MARYVILLE, Tenn. (July 14, 2026) —Every commemorative gun marking America’s 250th birthday points back to 1776. Smith & Wesson’s points to 1854, too. That’s the year Horace Smith and Daniel Wesson patented their first lever gun—the milestone that named the Model 1854 Series when the company revived its lever actions in 2024—so the new America 250 Limited Edition Model 1854 carries two origin stories on one receiver: the nation’s and its maker’s.
The commemorative arrives chambered in .44 Magnum and .45-70 Government models. The .44 Mag. has a 9+1 capacity and a 19.25-inch barrel that feeds from a removable magazine tube; the long-action .45-70 Gov't holds 6+1 with a 20-inch barrel. Both wear the same engraving, and it’s the engraving that separates this rifle from the year’s crowded commemorative field: an eagle with shield and colors ringed by stars, wrapped around a hand-lettered banner reading “250th Anniversary of the US of A.”

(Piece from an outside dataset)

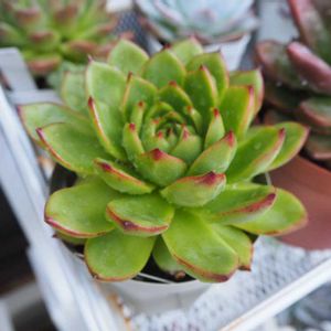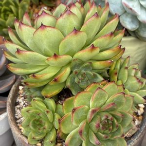 こんにちは😃 朝は寒くて今はポカポカ陽気😅 寒暖差注意ですね〜 赤い爪のブルードラゴン🐉さんと ムーンストーンさんどちらもきれいなお爪してます😍→お一人様にした恋心さんは茎から赤ちゃんいっぱい出してます👶↓ベンバディスさんとルシダムロマンさんどっちも子沢山☺️

Underneath the artwork sits a working rifle. A walnut stock and fore-end pair with a flat-face trigger, large loop lever and side loading gate, while an adjustable XS Sights ghost ring rear and gold bead front come standard. A Picatinny base accepts optics, and both muzzles carry an 11/16-24 thread pattern for suppressors. Smith & Wesson built the Model 1854 platform to echo the smooth action of its large-frame revolvers, and none of the commemorative treatment gets in the way of shooting it.
There you have it: two ways to own the year Smith & Wesson started building rifles, stamped with the year America started building itself. The America 250 Model 1854 lever-action rifle chambered in .44 Magnum sells for $1,399 and the .45-70 Government for $1,499, both available now at smith-wesson.com.